The maximum socket read time in seconds. If the value is set to 0, the socket read will be blocking and not timeout. The default value is 60 seconds.

--cli-connect-timeout (int)

The maximum socket connect time in seconds. If the value is set to 0, the socket connect will be blocking and not timeout. The default value is 60 seconds.

Examples

Note

To use the following examples, you must have the AWS CLI installed and configured. See the Getting started guide in the AWS CLI User Guide for more information.

Unless otherwise stated, all examples have unix-like quotation rules. These examples will need to be adapted to your terminal's quoting rules. See Using quotation marks with strings in the AWS CLI User Guide .

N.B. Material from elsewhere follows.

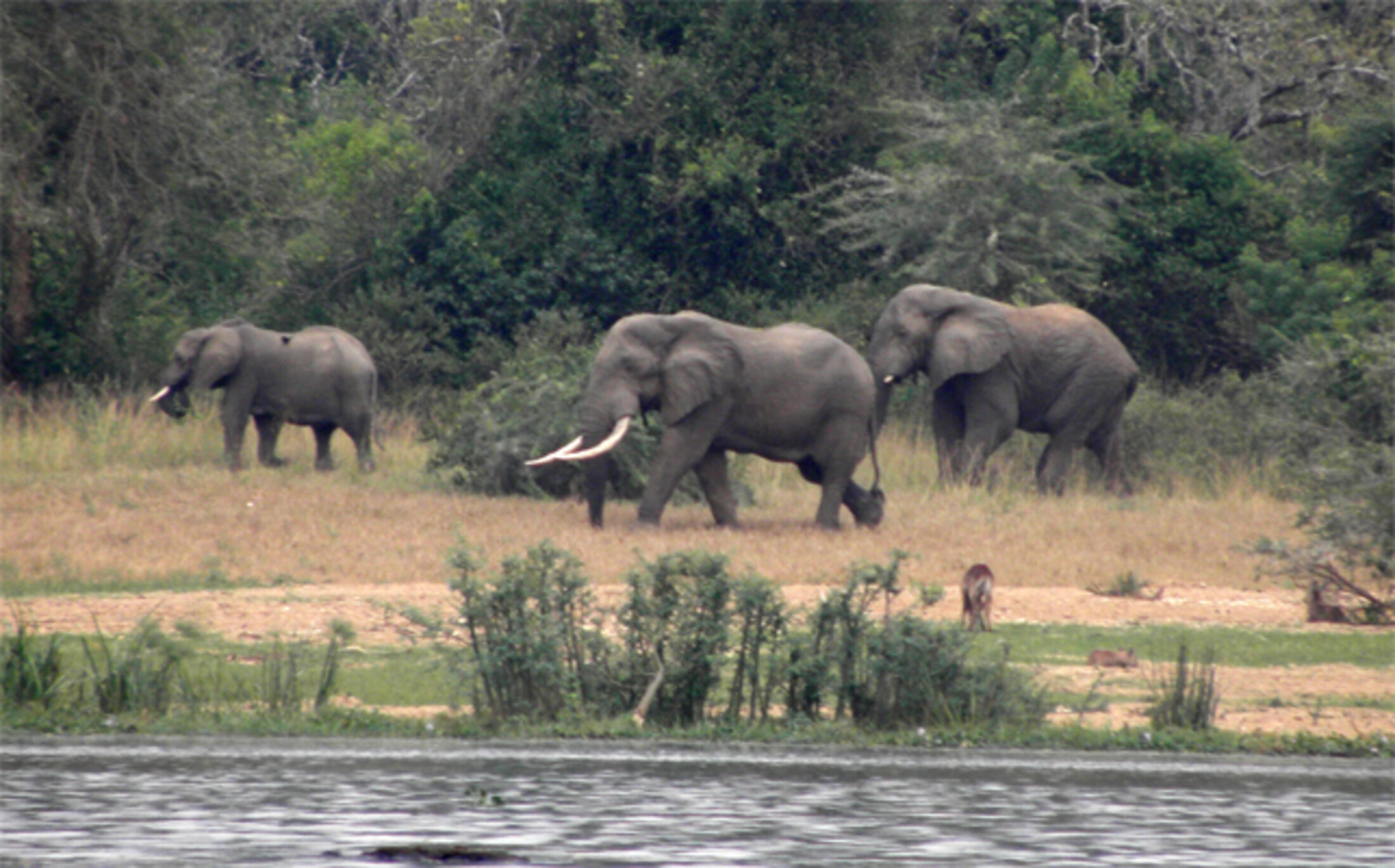 L’autre symbole, emblème de l’Afrique est l’éléphant. Être social, tout comme la girafe. Nous l’avons aperçu, la veille du périple sur les pistes, au loin, quand nous cherchions l’hippo. Sans doute venait-il boire de l’eau sacrée du Nil.

To create a custom entity recognizer

The following create-entity-recognizer example begins the training process for a custom entity recognizer model. This example uses a CSV file containing training documents, raw_text.csv, and a CSV entity list, entity_list.csv to train the model. entity-list.csv contains the following columns: text and type.

aws comprehend create-entity-recognizer \
    --recognizer-name example-entity-recognizer
    --data-access-role-arn arn:aws:iam::111122223333:role/service-role/AmazonComprehendServiceRole-example-role \
    --input-data-config "EntityTypes=[{Type=DEVICE}],Documents={S3Uri=s3://DOC-EXAMPLE-BUCKET/trainingdata/raw_text.csv},EntityList={S3Uri=s3://DOC-EXAMPLE-BUCKET/trainingdata/entity_list.csv}"
    --language-code en

Output:

{
    "EntityRecognizerArn": "arn:aws:comprehend:us-west-2:111122223333:example-entity-recognizer/entityrecognizer1"
}

For more information, see Custom entity recognition in the Amazon Comprehend Developer Guide.

Output

EntityRecognizerArn -> (string)

The Amazon Resource Name (ARN) that identifies the entity recognizer.